People are encouraged to meet up outdoors rather than in confined spaces, not “cluster” in large crowds, and continue to follow guidelines, which he says everyone should know by now.

While Bogosh warns individuals that they have to do their part to flatten the curve, he says businesses have to keep up their end, too.

That means avoiding the temptation of breaking the rules to try to cash-in on groups looking to let their hair down a bit this long weekend.

“If there are restaurants or bars that are open, they really have a responsibility to their employees and to their customers to ensure a safe experience,” he explains. “Everyone’s got a job to do. If we all do our job, we’ll do just fine.”

As a result of the exposure during the Canada Day long weekend in Kelowna, more than 70 cases of COVID-19 were recorded and more than 1,000 people were forced to self-isolate.

Henry urged British Columbians to make the upcoming long weekend “a different one than what we saw in early July,” adding everyone’s responsible for socializing safely.

“The actions you take do make a difference and we have seen that in the last few weeks, what you do this weekend will determine how we are going to be able to manage in the weeks and months ahead,” she said Thursday.
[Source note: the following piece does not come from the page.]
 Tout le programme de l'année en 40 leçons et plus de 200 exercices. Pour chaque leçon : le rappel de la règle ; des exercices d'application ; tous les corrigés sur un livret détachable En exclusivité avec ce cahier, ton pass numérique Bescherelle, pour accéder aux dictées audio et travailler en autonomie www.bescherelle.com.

Meanwhile, concerns are rising in Vancouver with word of a planned party at Third Beach in Stanley Park this Friday night. Health officials have warned people not to gather in large groups, with Health Minister Adrian Dix saying people throwing these kinds of events need to be responsible.

“If there are events where everybody’s invited, of course, somebody at the event needs to take the responsibility of identifying and writing down everyone who’s at the event. I think this weekend, we can do this,” he said on Thursday.

People planning to attend Vancouver beach party ‘need to give their head a shake’: Dix

Any outbreaks can set us back, Bogosh tells NEWS 1130, stressing the need for everyone to step up.

“This is not over yet, it’s far from over. And while Canada currently is doing very well from coast to coast, we are seeing some outbreaks and an uptick in cases, particularly in British Columbia and Alberta,” Bogosh says. “The key thing here is quelling those current outbreaks. Also, preventing further outbreaks.”

He notes the ability to rapidly identify outbreaks is also important to prevent the situation from “snowballing” into larger outbreaks.

“What do you say, it’s a long weekend. It’s going to be a lot of fun. I think people are going to get together. If they do so responsibly, we’ll be OK.”